Não é de hoje que a discussão sobre a origem da vida se faz acalorada nos corredores do cotidiano. Quem dentre nós, não gostaria de entender a gênese da vida? E nesse embalo, uns defendem com fé inabalável os sete dias de criação divina; outros, embasados na voz da razão científica, defendem uma origem mais pragmática, mas não menos complexa e ainda indefinida. Como essa coluna tem relação estreita com a ciência, peço licença aos leitores de fé para discutir uma teoria que vem tomando fôlego nos últimos tempos, justamente pelas explorações espaciais que o homem tem realizado junto aos cometas. Essa teoria leva o nome de Panspermia, que traz a idéia da origem da vida “fora” da Terra.
Do espaço para a Terra
Em contraposição à teoria da Geração Espontânea, defendida por inúmeros filósofos, físicos e matemáticos como Aristóteles, Santo Agostinho, Descartes e Newton, a Panspermia também formou opinião entre os grandes. Um dos mais ilustres defensores dessa teoria foi Anaxágoras, filósofo grego que viveu no século IV a.C..
Enquanto a Geração Espontânea advoga que a vida, como conhecemos, surgiu aqui mesmo na Terra a partir dos elementos químicos que deram origem ao planeta, a Panspermia diz que a vida surgiu a partir de “sementes” aqui plantadas pelos cometas que num passado distante atingiram a Terra. Isso nos remete a uma pequena ironia sobre a criação e a extinção da vida na Terra: num momento os cometas trouxeram vida a Terra; num outro, a exterminou (como foi o caso dos dinossauros, cuja teoria ainda não foi comprovada).
Fundamentos da teoria
Sir Fred Hoyle (já falecido) e o Professor Chandra Wickramasinghe, dois eminentes astrofísicos de instituições britânicas, começaram a desenvolver a moderna teoria Panspermia a partir de 1974. Uma de suas características básicas afirma que a matéria interestelar contém formas primitivas de vida. Isso significa dizer que o universo está povoado de “esporos da vida”, os quais chegaram ao nosso planeta através de “cegonhas siderais” como os cometas e asteróides.

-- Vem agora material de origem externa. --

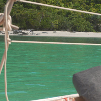 Jacky nous explique qu’ici il arrive que les habitants les chassent encore en braconnage, ce qui explique probablement leur comportement de fuite à notre approche. On poursuit la route vers une autre île toute proche, et on stoppe le mouillage face au village de Berafia, où l'on débarque rapidement car la houle est trop marquée pour moi pour pouvoir manger à bord.
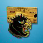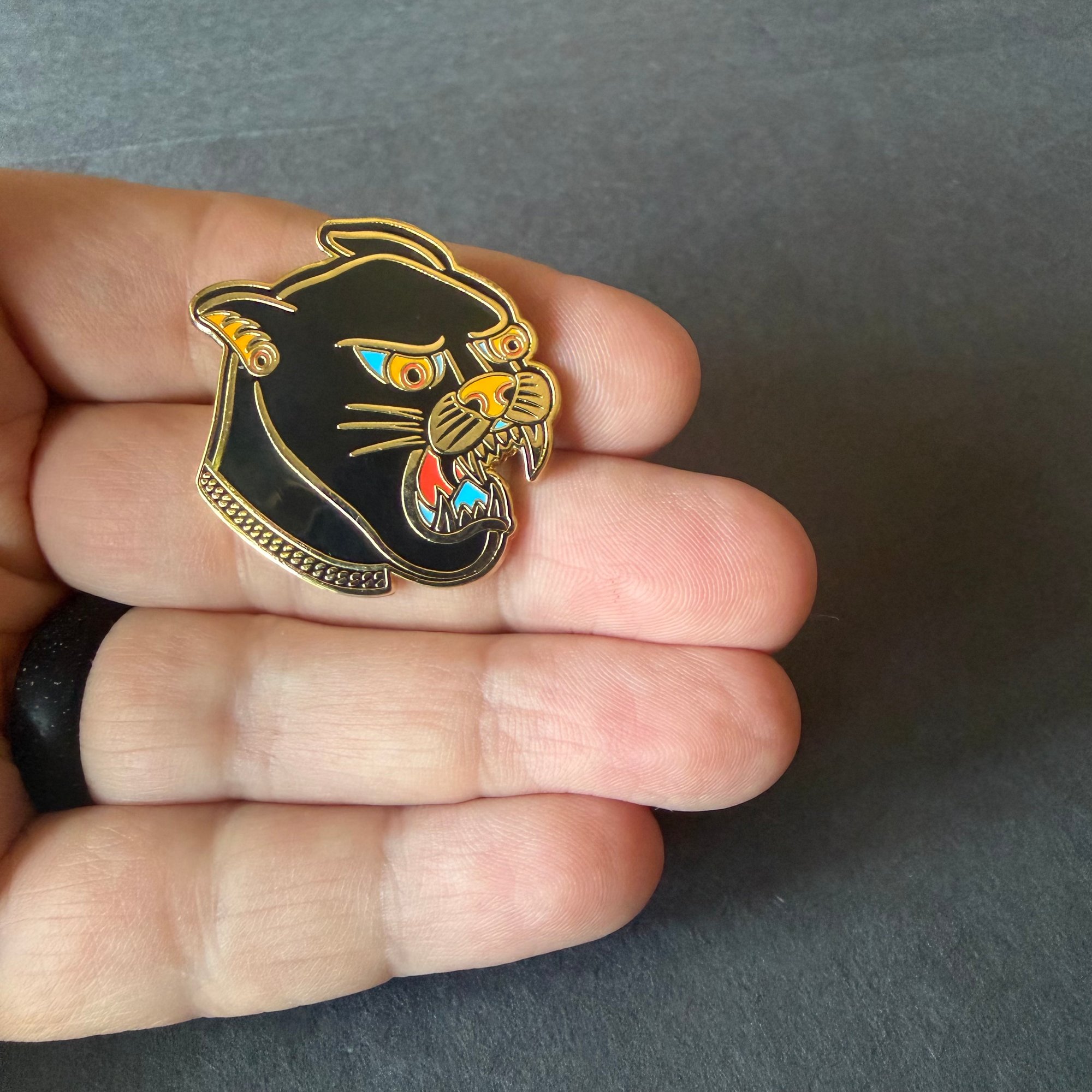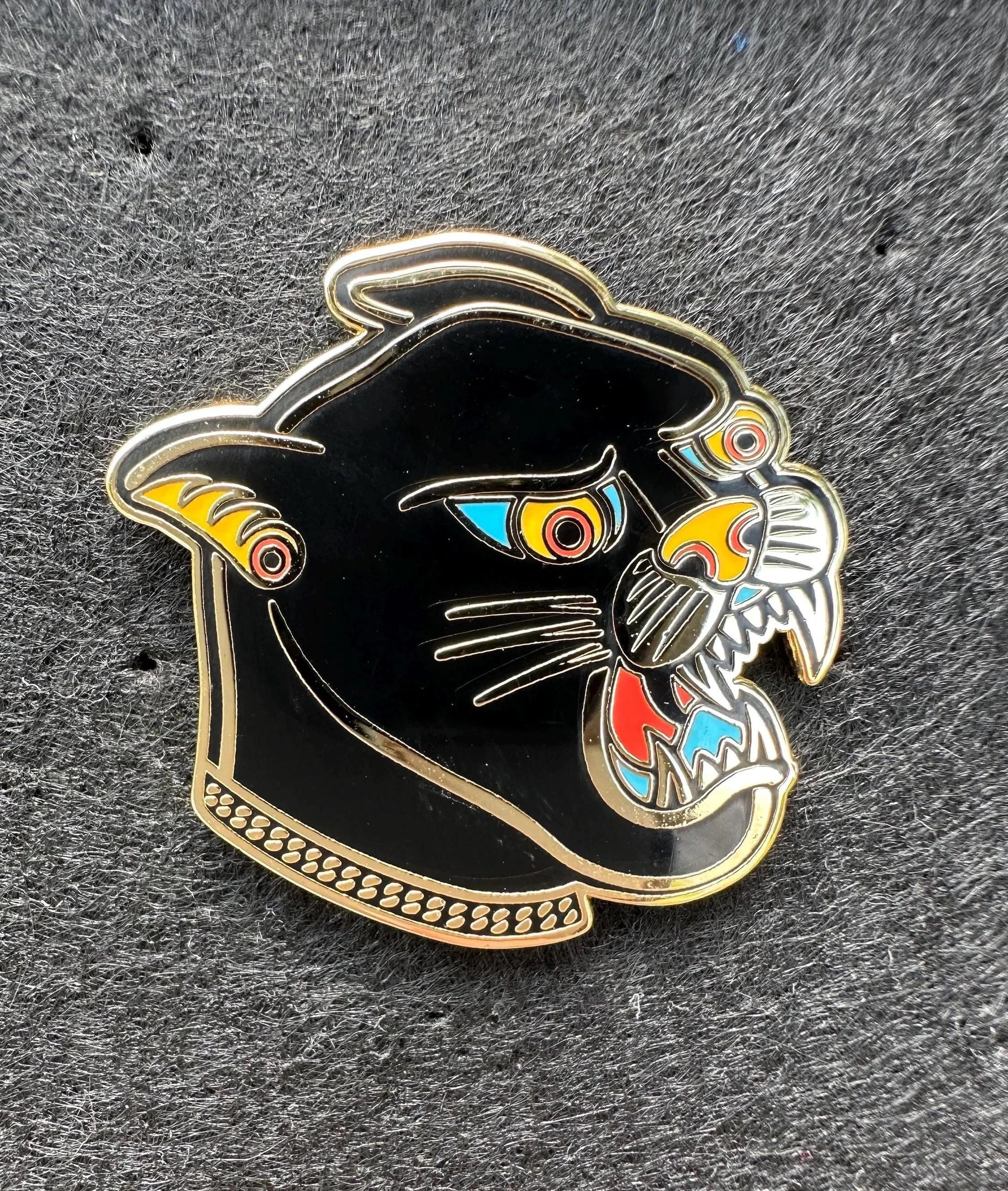 Each pin is crafted in hard enamel with polished metal and secure backings, ready to wear on jackets, bags, hats, or to display on your pin board. This sturdy black panther with a thick gold chain stands 1.38” tall.

Tal teoria tem despertado atenção de cientistas ultimamente, devido a descobertas como a matéria orgânica (hidrocarbonatos e aminoácidos) encontrada em meteoritos, ou às observações de raios infravermelhos vindos de estrelas e nuvens de poeira. Tais raios têm a aparente assinatura de bactérias comuns na Terra, como a Escherichia coli. Seria apenas uma mera coincidência?
Missões espaciais
A Agência Espacial Americana – NASA – projetou duas missões para verificar as possibilidades de vida fora da Terra: Stardust e Rosetta.
A missão Rosetta foi lançada ao espaço em 2004 e está fazendo uma longa viagem de dez anos ao encontro do cometa 67P/Churyumov-Gerasimenko, quanto fará um estudo de mapeamento de sua estrutura e pesquisas em sua superfície. Vamos ter que aguardar até o final de 2014 para verificar os resultados.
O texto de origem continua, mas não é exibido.